Work task: Lines from the one containing "The property is" through the final line of the records below are needed, copied exactly, with no pictures.

Records from a dataset
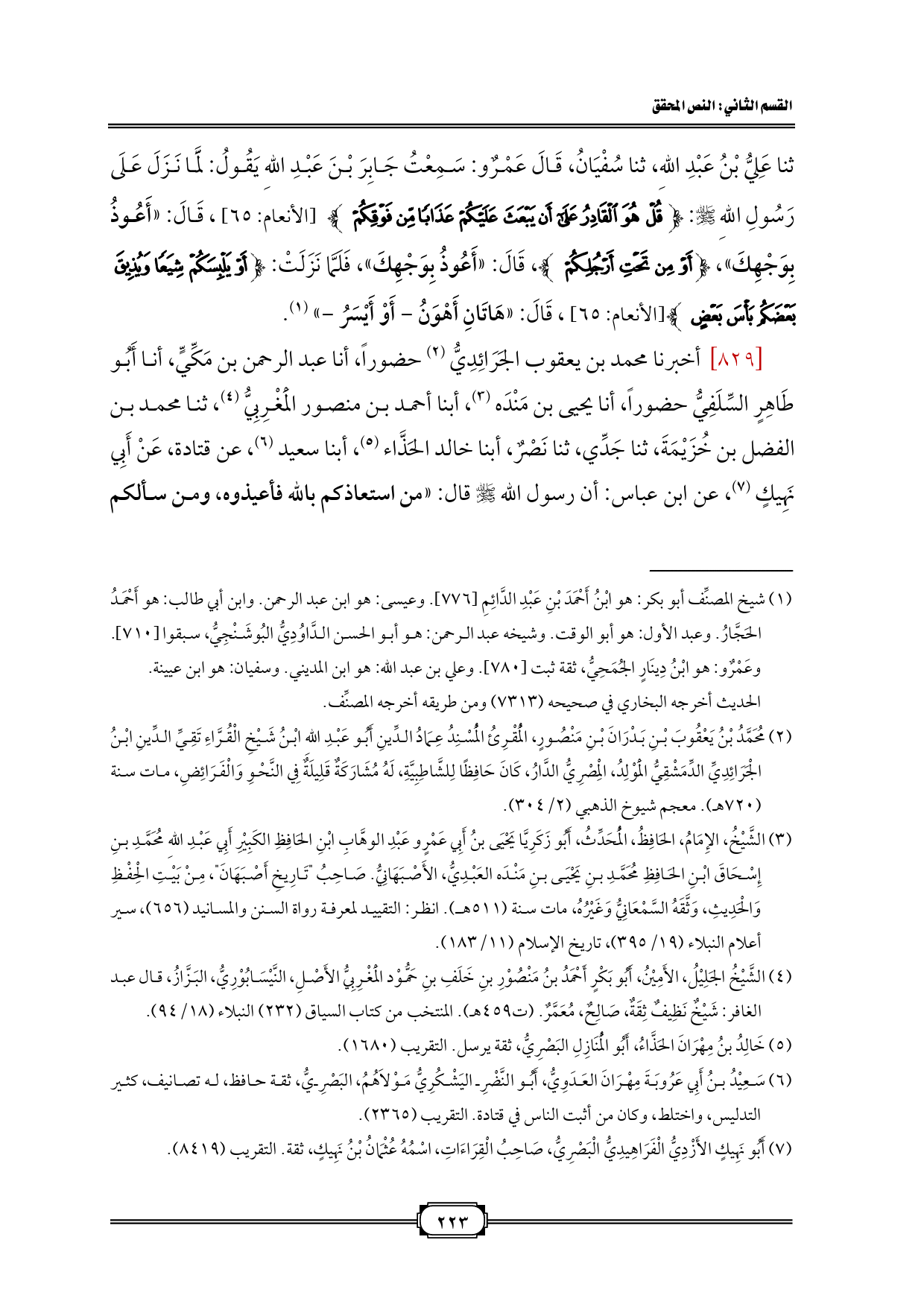 ثنا عَلِيُّ بْنُ عَبْدِ اللهِ، ثنا سُفْيَانُ، قَالَ عَمْرٌو: سَمِعْتُ جَابِرَ بْنَ عَبْدِ اللهِ يَقُولُ: لَمَّا نَزَلَ عَلَى رَسُولِ اللهِ - صلى الله عليه وسلم -: {قُلْ هُوَ الْقَادِرُ عَلَى أَنْ يَبْعَثَ عَلَيْكُمْ عَذَابًا مِنْ فَوْقِكُمْ} [الأنعام: 65]، قَالَ: «أَعُوذُ بِوَجْهِكَ»، {أَوْ مِنْ تَحْتِ أَرْجُلِكُمْ}، قَالَ: «أَعُوذُ بِوَجْهِكَ»، فَلَمَّا نَزَلَتْ: {أَوْ يَلْبِسَكُمْ شِيَعًا وَيُذِيقَ بَعْضَكُمْ بَأْسَ بَعْضٍ} [الأنعام: 65]، قَالَ: «هَاتَانِ أَهْوَنُ - أَوْ أَيْسَرُ -» (¬1).
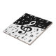 A stylish and eye-catching pattern of random musical notes in black and white with a large treble clef in the centre. The bottom of the design features black music notes on a white background with the top featuring white music notes on a black background. The large clef changes from black to white in colour half way.
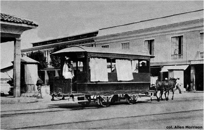 The Stephenson car above is similar to a model that J. G. Brill Co. of Philadelphia built in 1884 for Bogotá, and it is possible that Brill also supplied horsecars to Guayaquil. Brill order 951 of 11 January 1884 was for a tram of this type, 30 inch gauge, but the purchaser was not recorded. An 1890 inventory of Empresa de Carros Urbanos reported 1 open and 7 closed trams for use on vía angosta (narrow track), and 4 open and 10 double-deck cars for vía ancha (wide, standard gauge). Here is another picture of a Stephenson tram running in Guayaquil. [col. AM]
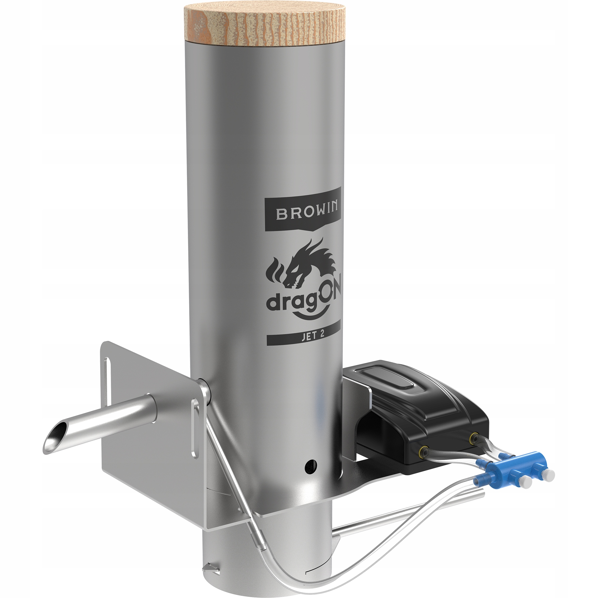 - Інноваційна насадка димогенератора - її конструкція з відповідним вирізом кінці, спеціальний трубний кут і підключений насос забезпечують ідеальне, рівномірне видування диму в коптильню та високу ефективність з низьким споживанням деревної тріски. Насадка вводиться в коптильню під кутом, який збільшує потік диму та допомагає мінімізувати накопичення осаду, який забиває типові труби під час відпалу деревної стружки. Повітряний насос підключається через шланг до кутової трубки, інтегрованої з насадкою.
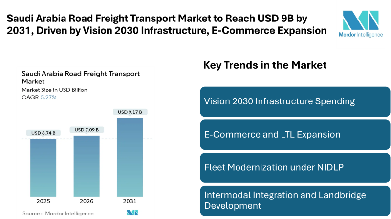 Saudi Arabia Road Freight Transport Market to Reach USD 9B by 2031, Driven by Vision 2030 Infrastructure, E-Commerce Expansion
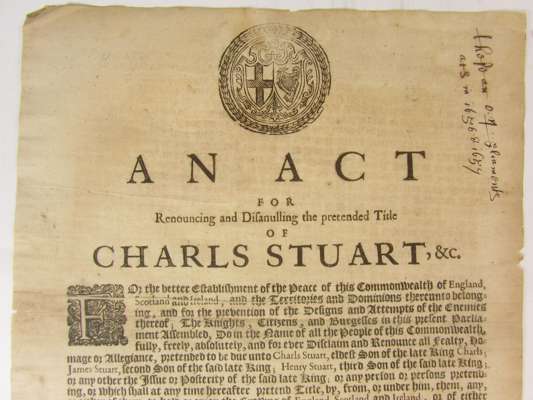 An Act for renouncing and disanulling the pretended title of Charles Stuart &c. London: printed by Henry Hills and John Field, 1656 [ie. 1657], broadside in two sheets (versos blank), each 325 x 220mm, woodcut seal of the Commonwealth, woodcut initial, [Wing E1063; ESTC R211925 (11 copies in UK, one in USA], central horizontal folds, light browning, contemporary ink note at top right
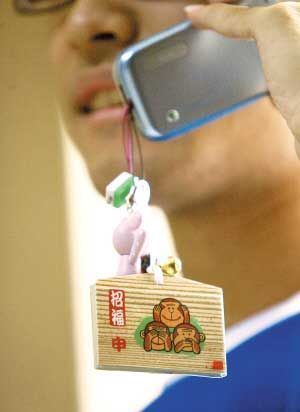 中學(xué)生將“可愛型”安全套掛在手機邊四處走。
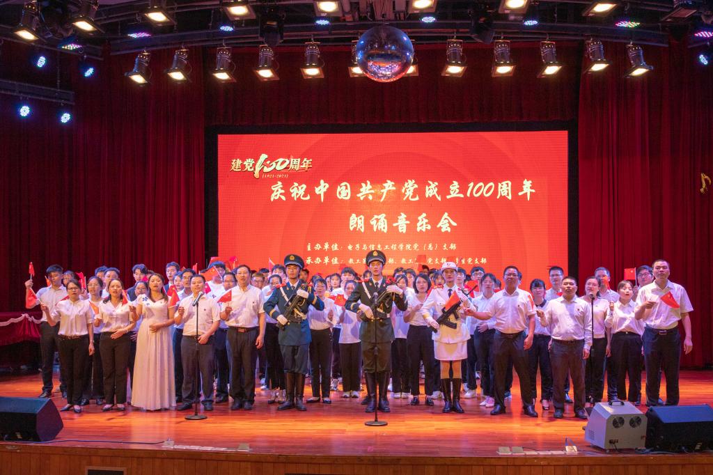 为隆重庆祝中国共产党成立100周年,回顾党的光辉历程,讴歌党的丰功伟绩,继承和发扬党的光荣传统和优良作风,进一步巩固主题教育成果,增强党组织的号召力、凝聚力和战斗力,激励广大党员坚定理想信念,发挥党组织战斗堡垒作用和党员先锋模范作用。我院党总支部于2021年7月7日在艺术演播厅开展庆祝中国共产党建党100周年朗诵音乐会。
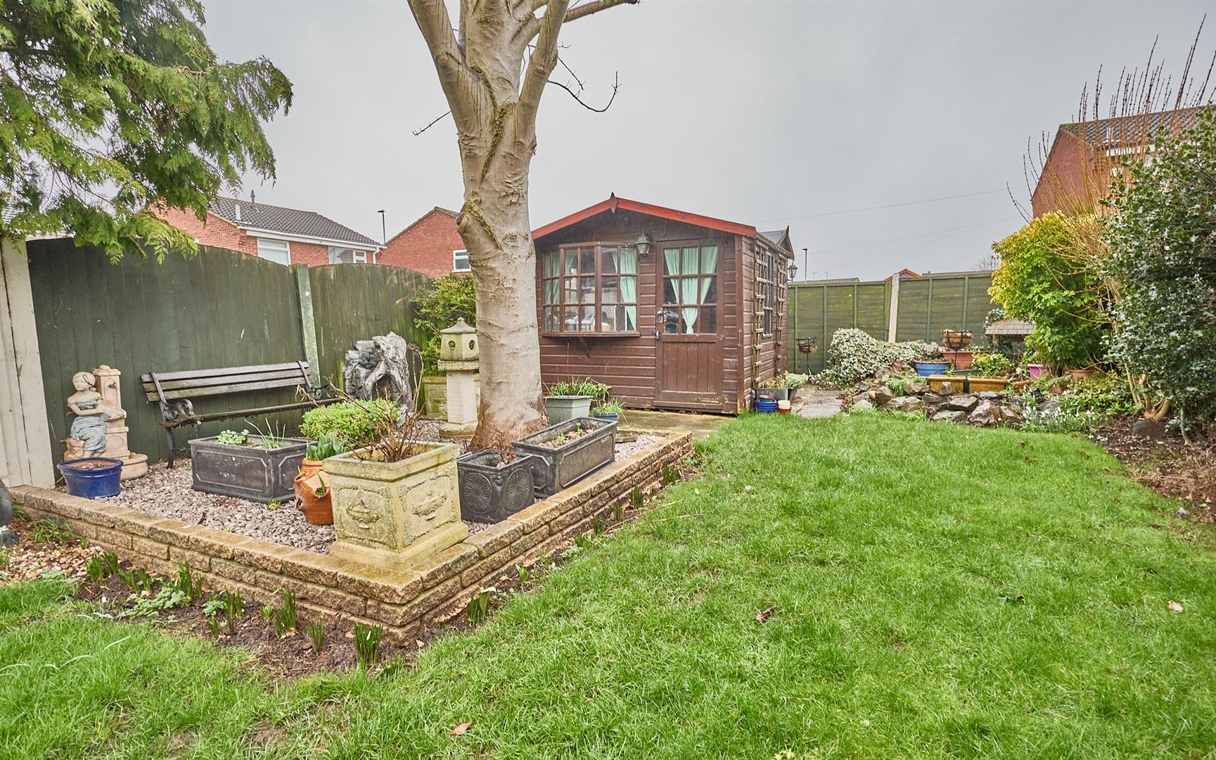 The property is nicely situated set well back from the road having a full width block paved driveway to front offering ample car parking, a timber gate and porcelain tiled pathway lead down the left hand side of the property where there is outside lighting leading to the fully fenced and enclosed rear garden which has a full width porcelain tiled patio adjacent to the rear of the property where there is an outside tap, power point and lighting, edged by a low brick retaining wall beyond which the garden is principally laid to lawn with surrounding beds. There is also a rockery to the top of the garden. To the top of the garden is a further stoned seating area with tree to centre, timber summer house and shed with light and power. The garden has a sunny aspect.
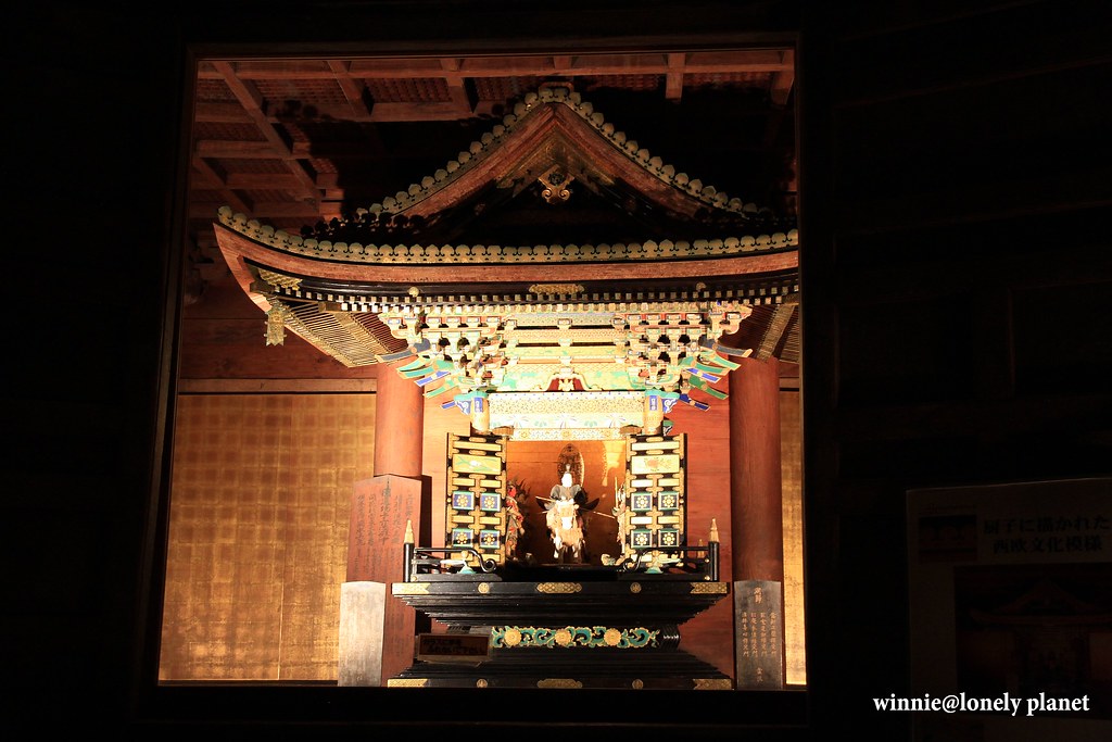 神龕上雕刻支倉常長從西歐帶回來的玫瑰、水仙、十字架、撲克牌紅心黑桃鑽石等圖案,

Exercise solution:
 The property is nicely situated set well back from the road having a full width block paved driveway to front offering ample car parking, a timber gate and porcelain tiled pathway lead down the left hand side of the property where there is outside lighting leading to the fully fenced and enclosed rear garden which has a full width porcelain tiled patio adjacent to the rear of the property where there is an outside tap, power point and lighting, edged by a low brick retaining wall beyond which the garden is principally laid to lawn with surrounding beds. There is also a rockery to the top of the garden. To the top of the garden is a further stoned seating area with tree to centre, timber summer house and shed with light and power. The garden has a sunny aspect.
 神龕上雕刻支倉常長從西歐帶回來的玫瑰、水仙、十字架、撲克牌紅心黑桃鑽石等圖案,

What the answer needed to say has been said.